Here's a reproducible example:
Dependencies:
from keras.models import Model, Input, Sequential
from keras.layers import Conv2D, MaxPooling2D, GlobalAveragePooling2D, Dropout, Activation
from keras.utils import to_categorical
from keras.losses import categorical_crossentropy
from keras.optimizers import Adam
from keras.datasets import cifar10
Loading the dataset:
(x_train, y_train), (x_test, y_test) = cifar10.load_data()
x_train = x_train / 255.
x_test = x_test / 255.
y_train = to_categorical(y_train, num_classes=10)
y_test = to_categorical(y_test, num_classes=10)
input_shape = x_train[0,:,:,:].shape
Here's the working Sequential model:
model = Sequential()
#mlpconv block1
model.add(Conv2D(32, (5, 5), activation='relu',padding='valid',input_shape=input_shape))
model.add(Conv2D(32, (1, 1), activation='relu'))
model.add(Conv2D(32, (1, 1), activation='relu'))
model.add(MaxPooling2D((2,2)))
model.add(Dropout(0.5))
#mlpconv block2
model.add(Conv2D(64, (3, 3), activation='relu',padding='valid'))
model.add(Conv2D(64, (1, 1), activation='relu'))
model.add(Conv2D(64, (1, 1), activation='relu'))
model.add(MaxPooling2D((2,2)))
model.add(Dropout(0.5))
#mlpconv block3
model.add(Conv2D(128, (3, 3), activation='relu',padding='valid'))
model.add(Conv2D(32, (1, 1), activation='relu'))
model.add(Conv2D(10, (1, 1), activation='relu'))
model.add(GlobalAveragePooling2D())
model.add(Activation('softmax'))
Compile and train:
model.compile(loss=categorical_crossentropy, optimizer=Adam(), metrics=['acc'])
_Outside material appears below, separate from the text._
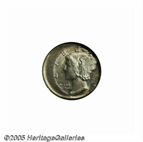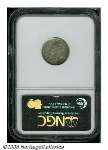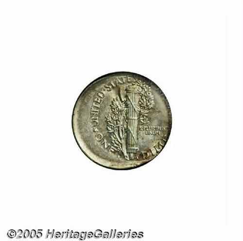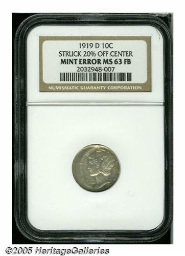 <B>1919-D<10C> Mercury Dime--Struck 20% Off Center--MS63 Full Bands NGC.</B></I> Struck off-center at 3 o'clock with the reverse also slightly rotated. Sharply struck as are all off-center coins. This example has satiny luster with pale champagne toning. A wonderful example.
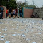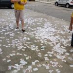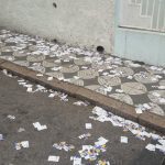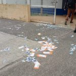 - Santinhos espalhados no entorno da Escola Estadual Antonio Padilha

_ = model.fit(x=x_train, y=y_train, batch_size=32,
epochs=200, verbose=1,validation_split=0.2)
In three epochs the model gets close to 50% validation accuracy.
Here's the same model rewritten using Functional API:
model_input = Input(shape=input_shape)
#mlpconv block1
x = Conv2D(32, (5, 5), activation='relu',padding='valid')(model_input)
x = Conv2D(32, (1, 1), activation='relu')(x)
x = Conv2D(32, (1, 1), activation='relu')(x)
x = MaxPooling2D((2,2))(x)
x = Dropout(0.5)(x)
#mlpconv block2
x = Conv2D(64, (3, 3), activation='relu',padding='valid')(x)
x = Conv2D(64, (1, 1), activation='relu')(x)
x = Conv2D(64, (1, 1), activation='relu')(x)
x = MaxPooling2D((2,2))(x)
x = Dropout(0.5)(x)
#mlpconv block3
x = Conv2D(128, (3, 3), activation='relu',padding='valid')(x)
x = Conv2D(32, (1, 1), activation='relu')(x)
x = Conv2D(10, (1, 1), activation='relu')(x)
x = GlobalAveragePooling2D()(x)
x = Activation(activation='softmax')(x)
model = Model(model_input, x, name='nin_cnn')
This model is then compiled using the same parameters as the Sequential model. When trained, the training accuracy gets stuck at 0.10, meaning the model doesn't get better and randomly chooses one of 10 classes.
What did I miss when rewriting the model? When calling model.summary() the models look identical except for the explicit Input layer in the Functional API model.
Removing activation in the final conv layer solves the problem:
x = Conv2D(10, (1, 1))(x)
Still not sure why the Sequential model works fine with activation in that layer.